O boletim de ocorrência emitido pela PMSC relata que cinco pessoas da mesma família estavam orando dentro de sua casa, no Residencial Forquilhinha, mas, após ação policial, interromperam as orações alegando não terem conhecimento de que o decreto estadual proibia cultos dentro da própria residência. Os policiais então orientaram a família a interromper as orações para evitar “aglomeração de pessoas e contaminação com o vírus Covid-19”, segundo informou o site Gospel Prime. […]
O procurador Walmor Moreira, que classificou a operação como um atentado à liberdade religiosa no país, informou pelo Twitter que irá entrar com denúncia ao Ministério Público. […] O procurador considera que Santa Catarina vive um “regime de exceção” que usa a pandemia como justificativa para violação de liberdades fundamentais dos cidadãos. […] (Estudos Nacionais)

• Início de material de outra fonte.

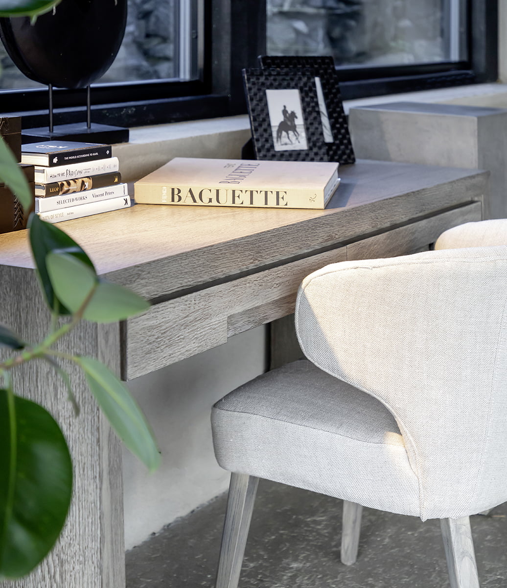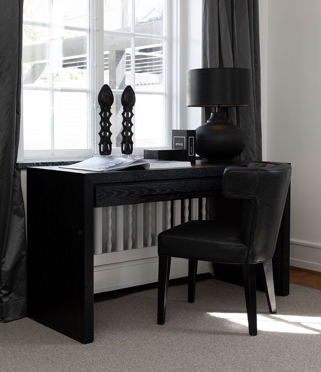 Hunter-kirjoituspöytä sulautuu saumattomasti sekä moderneihin että perinteisiin sisustuksiin, tuoden työtilaasi tyylikkyyttä ja tasokkuutta arkiseen työskentelyyn.

Outra matéria, essa publicada no Él País, traz preocupações com respeito à soberania das nações e à liberdade de crença:
“Os períodos prolongados de calma favorecem certas ilusões de ótica”, disse o escritor alemão Ernst Jünger em The Forest Passage: “Uma delas é a suposição de que a inviolabilidade do domicílio se funda na Constituição, é assegurada por ela. Na verdade, a inviolabilidade do domicílio se baseia no pai de família que aparece na porta de casa acompanhado por seus filhos e empunhando um machado”. A catástrofe desencadeada pelo coronavírus pode ser considerada um desses momentos em que Jünger considera da verdade, caso mude de escala. No meio do caos, onde Jünger via o pai como a garantia da segurança, agora reaparece o Estado – nacional – como o garantidor último da vida de sua população. Além dos bem-intencionados acordos internacionais e esferas supranacionais como a União Europeia, o papai Estado parece o único capaz de garantir a inviolabilidade do território e proteger seus nacionais.
Mas faz sentido fechar as fronteiras para lutar contra o coronavírus? Esse retorno à soberania nacional não é uma reação melancólica diante de um perigo sem passaporte? Esse gesto não lembra, no fundo, as filas que vimos surgir nas lojas de armas nos Estados Unidos? Isso não é matar moscas com tiros de canhão? Um grupo de juristas e ativistas escolheu um caminho muito diferente e, apesar do momento crítico e agitado atual, lançou uma ideia colossal: uma Constituição da Terra como ferramenta de governança global. Frente ao reflexo nacional, a imaginação cosmopolita quer avançar na globalização do direito.
“Não é uma hipótese utópica”, disse o ex-juiz e filósofo do direito italiano Luigi Ferrajoli durante a primeira assembleia desse movimento em Roma em 21 de fevereiro. “Pelo contrário, é a única resposta racional e realista ao mesmo dilema que Thomas Hobbes [autor de Leviatã e teórico do Estado moderno] enfrentou há quatro séculos: a insegurança geral da liberdade selvagem e o pacto de coexistência pacífica sobre a base da proibição da guerra e a garantia da vida”, afirmou.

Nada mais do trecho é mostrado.